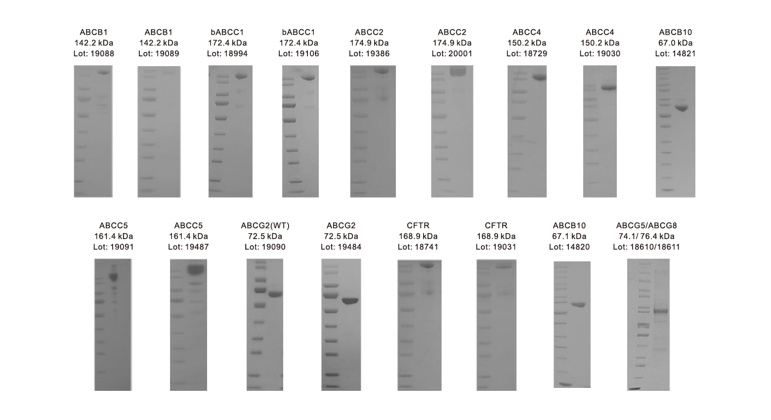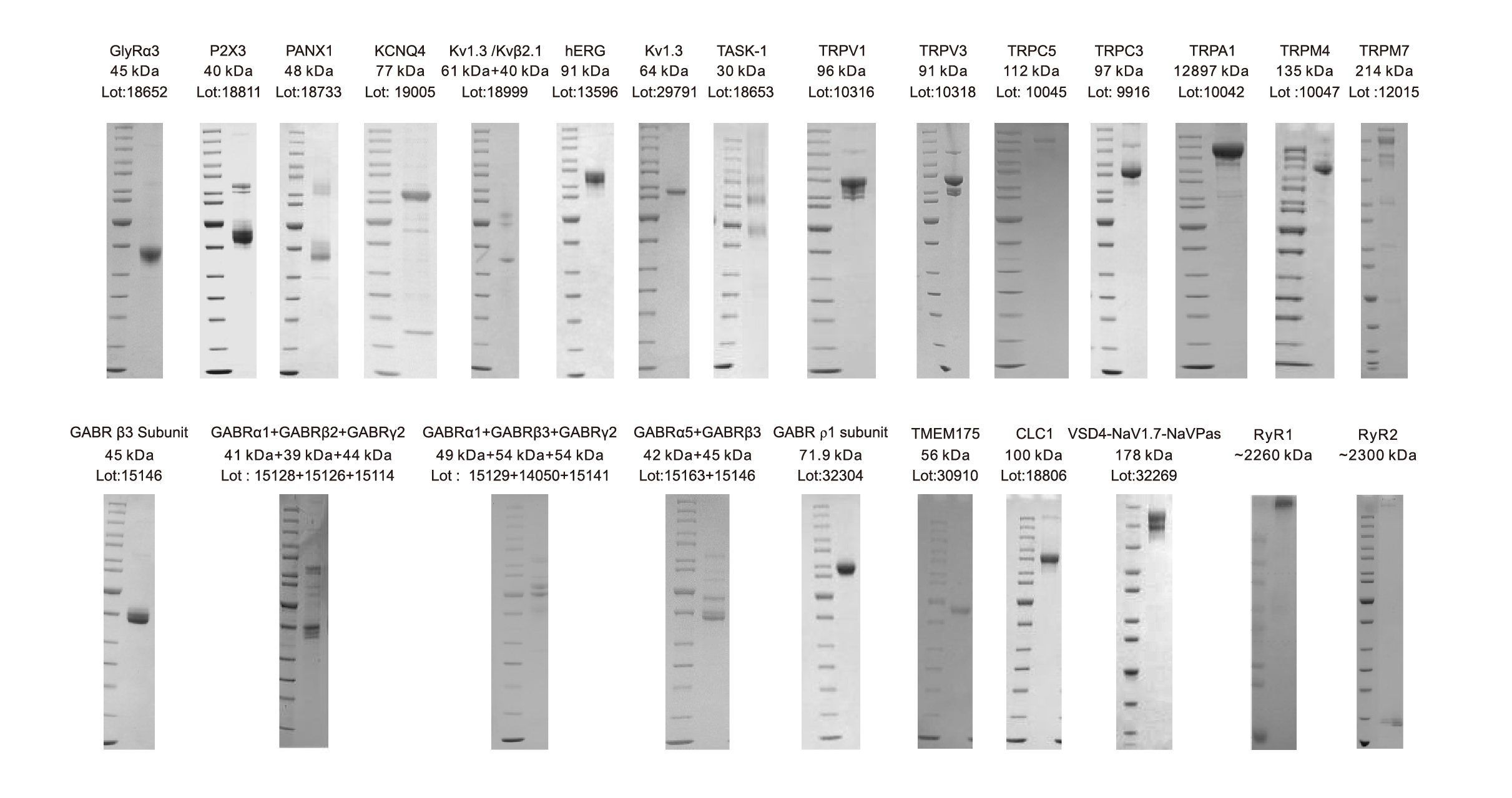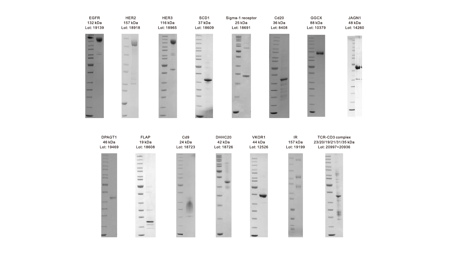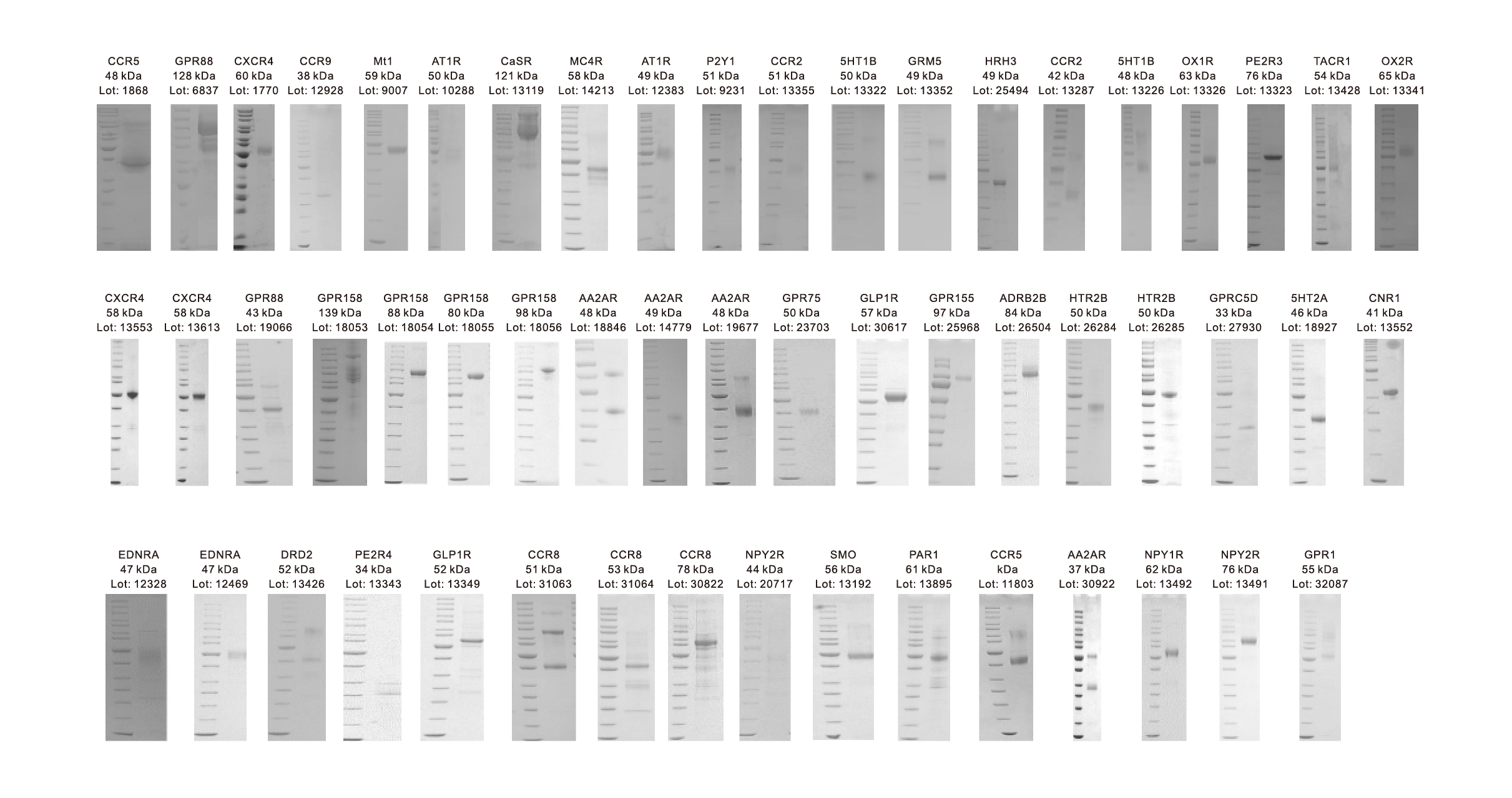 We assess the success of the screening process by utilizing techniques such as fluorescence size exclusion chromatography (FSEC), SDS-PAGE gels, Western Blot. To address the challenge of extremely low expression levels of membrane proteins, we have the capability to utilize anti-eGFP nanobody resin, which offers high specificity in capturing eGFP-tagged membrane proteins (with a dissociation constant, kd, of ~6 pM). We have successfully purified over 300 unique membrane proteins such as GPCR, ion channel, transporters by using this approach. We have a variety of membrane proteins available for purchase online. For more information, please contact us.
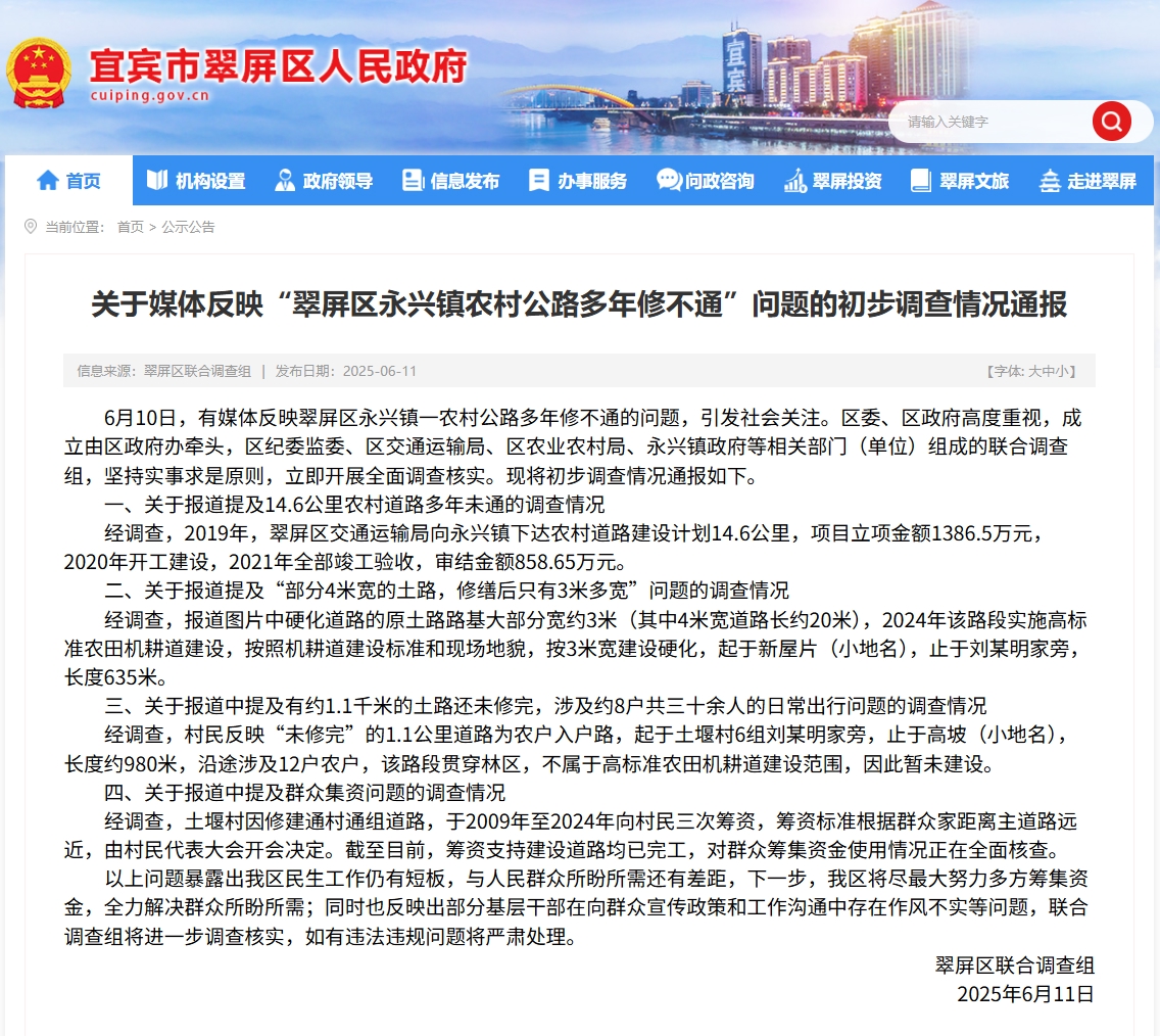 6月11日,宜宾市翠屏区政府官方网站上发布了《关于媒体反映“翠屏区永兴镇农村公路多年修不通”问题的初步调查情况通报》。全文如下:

::::

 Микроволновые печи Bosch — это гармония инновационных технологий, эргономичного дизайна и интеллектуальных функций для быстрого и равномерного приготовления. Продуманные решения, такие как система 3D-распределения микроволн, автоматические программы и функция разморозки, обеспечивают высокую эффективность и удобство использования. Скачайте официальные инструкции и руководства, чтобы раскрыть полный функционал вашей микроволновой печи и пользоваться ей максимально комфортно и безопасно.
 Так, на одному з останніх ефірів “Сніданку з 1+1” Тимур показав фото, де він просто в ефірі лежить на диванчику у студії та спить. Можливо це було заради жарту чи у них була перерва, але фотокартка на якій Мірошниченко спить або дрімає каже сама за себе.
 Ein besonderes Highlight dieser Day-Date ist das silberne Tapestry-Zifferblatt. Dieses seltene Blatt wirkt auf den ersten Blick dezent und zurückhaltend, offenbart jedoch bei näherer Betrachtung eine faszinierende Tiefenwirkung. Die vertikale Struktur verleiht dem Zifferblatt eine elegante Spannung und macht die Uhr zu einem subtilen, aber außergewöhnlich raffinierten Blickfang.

::::

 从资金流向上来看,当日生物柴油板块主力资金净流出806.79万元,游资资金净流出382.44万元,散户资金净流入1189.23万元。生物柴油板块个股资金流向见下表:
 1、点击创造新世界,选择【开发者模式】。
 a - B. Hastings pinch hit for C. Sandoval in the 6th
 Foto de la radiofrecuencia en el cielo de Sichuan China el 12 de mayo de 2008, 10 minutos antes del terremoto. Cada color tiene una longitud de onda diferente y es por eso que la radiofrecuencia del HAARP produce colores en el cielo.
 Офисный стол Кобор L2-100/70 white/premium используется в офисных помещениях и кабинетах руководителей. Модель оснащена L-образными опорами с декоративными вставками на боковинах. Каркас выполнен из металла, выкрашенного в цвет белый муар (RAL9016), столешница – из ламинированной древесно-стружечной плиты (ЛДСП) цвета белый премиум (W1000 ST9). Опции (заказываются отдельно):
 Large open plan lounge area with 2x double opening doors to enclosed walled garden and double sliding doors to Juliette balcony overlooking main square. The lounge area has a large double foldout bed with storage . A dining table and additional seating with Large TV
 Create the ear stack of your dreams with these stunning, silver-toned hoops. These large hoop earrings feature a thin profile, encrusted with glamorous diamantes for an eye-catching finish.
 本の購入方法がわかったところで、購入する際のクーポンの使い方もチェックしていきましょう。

::::

• **Requirement**:
Within the entries, find all lines holding "large" and copy each one.

• **Reply**:
 Large open plan lounge area with 2x double opening doors to enclosed walled garden and double sliding doors to Juliette balcony overlooking main square. The lounge area has a large double foldout bed with storage . A dining table and additional seating with Large TV
 Create the ear stack of your dreams with these stunning, silver-toned hoops. These large hoop earrings feature a thin profile, encrusted with glamorous diamantes for an eye-catching finish.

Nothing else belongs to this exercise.